Another funny moment came when Barrichello came on the team radio shortly after exiting the pits in order to screech "what the hell happened to the car?" His race engineer tersely replied "don't forget you're running heavy" possibly meaning "don't forget that 600m people just heard that".

Poor old Rubens makes Terry Gilliam look like a lucky bastard.

Other than that, I'd have to say that David Coulthard is yet to work out how to look relaxed on TV and the new presenter Jake Humphrey (who jumped across from the kiddies' CBBC) looks a bit like one of those freshly-intaken graduate trainees back at H&K.

I've been watching fewer movies this month thanks to the deluge of US serials either arriving or returning. Most notable amongst the newbies are Modern Family and Flash Forward (cast pictured). Meanwhile, Two and Half Men, Heroes, Nip/Tuck and Dexter are all back with new seasons.

Modern Family is about one part watchable to two parts unbearable (though I reckon V would probably say one part watchable to eight parts unbearable.) Its faux-liberal — but in reality quite conservative — laugh-at-everyone satirical format is hamstrung by its clichéd portrayal of gays and latins, and the whole thing is anyway painfully derivative of the mocumentary genius that was The Office of Ricky Gervais.

We're far more likely to stay the course with Flash Forward, the new sci-fi soap from HBO. (And it's likely to be a long course as Joseph Fiennes has signed on for five years.)
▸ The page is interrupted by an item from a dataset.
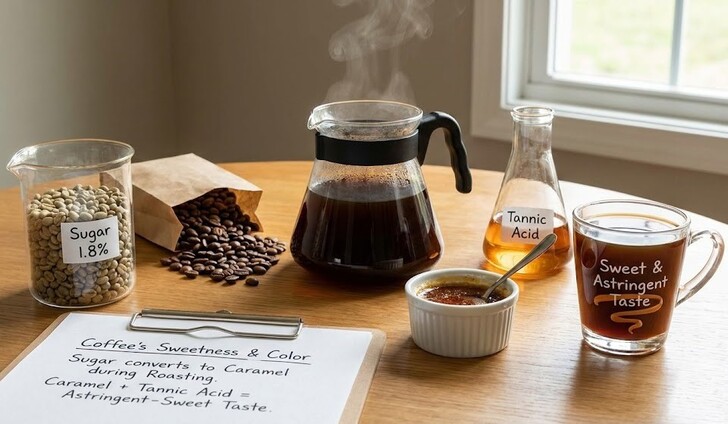 焦糖與單寧酸的風味交互作用當烘焙後形成的焦糖與單寧酸結合時,會使咖啡呈現出**「澀中帶甜」的風味特性**。這種口感常見於中焙至中深焙咖啡,是許多咖啡愛好者喜愛的平衡風味表現。而糖含量對咖啡風味的影響如下:

This series is an uncommon combination of both over-reaching ambition and a lack of it. In its key premise the writers seem to have bitten off a bit more than they can chew. America's finest minds may be sitting in a room dissecting this truly profound global event, but what we have here is essentially a police procedural in which it has become the FBI's problem to solve...and so far their best idea has been to set up a website.

If I'd been writing this I'd have taken a bit more time to brainstorm (or research) the full implications of every human being on the planet blacking out for 137 seconds. The team here have decided that the worst thing that could have happened is a bunch of aeroplanes streaming all over the place with nobody at the controls, and to emphasise the point, we hardly ever get to see a tall building in LA which doesn't have a big chunk missing from its flank. (And we had that ludicrous cut across to London with Big Ben blazing in the background!)
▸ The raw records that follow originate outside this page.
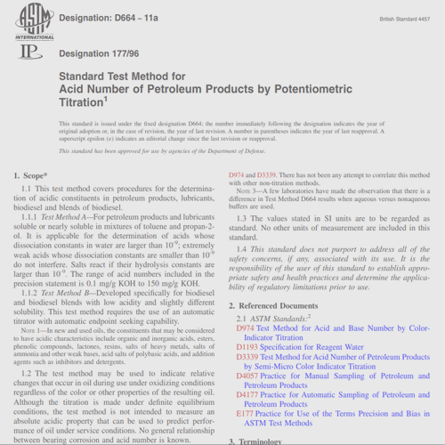 ASTM D664 REV A-Acid Number of Petroleum Products by Potentiometric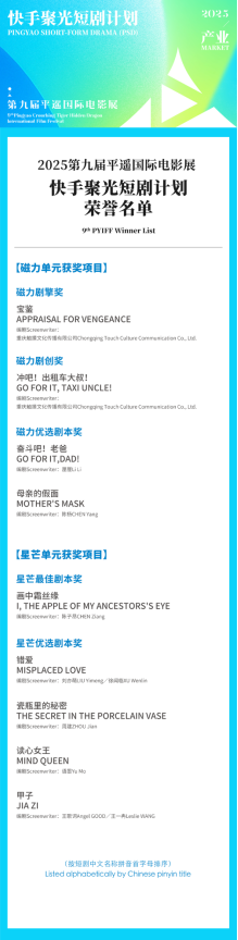 9月29日,第九屆平遙國際電影展“平遙之夜”榮譽盛典盛大舉行,揭曉本屆影展官方展映單元各項榮譽的最終得主。共8部作品從“快手聚光短劇計劃”入圍項目中脫穎而出。其中,在磁力單元,《寶鑒》獲得磁力劇擎獎,《沖吧!出租車大叔!》獲得磁力劇創獎,《奮斗吧!老爸》《母親的假面》獲得磁力優選劇本獎。在星芒單元,《畫中霜絲緣》獲得星芒最佳劇本獎,《錯愛》《瓷瓶里的秘密》《讀心女王》《甲子》獲得星芒優選劇本獎。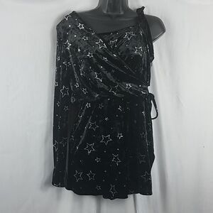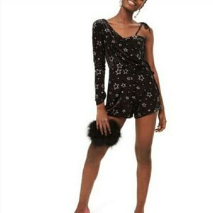 Topshop Star Velvet Asymmetrical Sleeve Romper 8 Black Silver Metallic Punk Sexy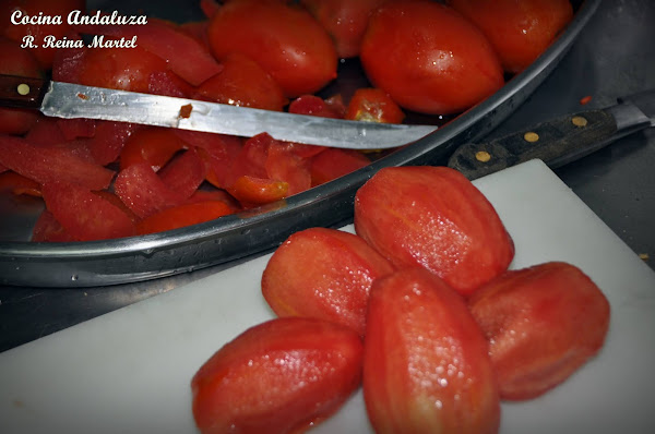 Escalfamos en agua los tomates, vertiéndolos, justo cuando el agua esté a punto de hervor durante unos segundos para poder pelarlos a posteriori con facilidad.

And where's the hysteria? We all remember how the American populace responded to 9-11, yet after the first ten minutes of episode one everyone seems to be acting more or less normally. The more the timeline moves away from the blackout — in which every human being who was still going to be alive in six months' time had a vision of what they would be up to then — the more you wish they'd keep flashing back to the flash forward, so to speak.

The big unresolved issue at the end of part four is whether these visions of the future are fixed. Within that, and particularly pertinent to Special Agent Noh, is the issue of whether those who experienced no flash forward are slated to expire, and there's really nothing they can do about it.

If I were running the FBI's 'Mosaic' website I'd be inclined to statistically examine this matter of the walking dead before all others, and if I were Agent Noh the thought of standing in front of a bus today to see if I could 'change' the future would at least have crossed my mind.

I know this has to be dragged out, but the believability of the show is being threatened by an apparent lack of determination to resolve the issue of determinism quickly enough.

As for the show's apparent under-ambition, the writers have tried to position it closer to the (dumb) mainstream than show's like Heroes and Lost. The latter is said to have two kinds of viewers: those who watch it to see Kate and Sawyer in minimal attire and those who will still be debating the metaphysical implications of it all some ten years after the final season. Flash Forward represents an attempt to carefully roll these two audiences together, but de-geeking inevitably means making the script that much less cerebral.

They also appear to have tried to limit the number of truly beautiful people in the foreground, which also contributes to the lower-key, soapy atmosphere and perhaps explains why it was snapped up in the UK by Five rather than Channel 4.

For all its faults, the show has both me (geek) and V (non-geek) hooked, so the innovative format appears to have been efficacious so far.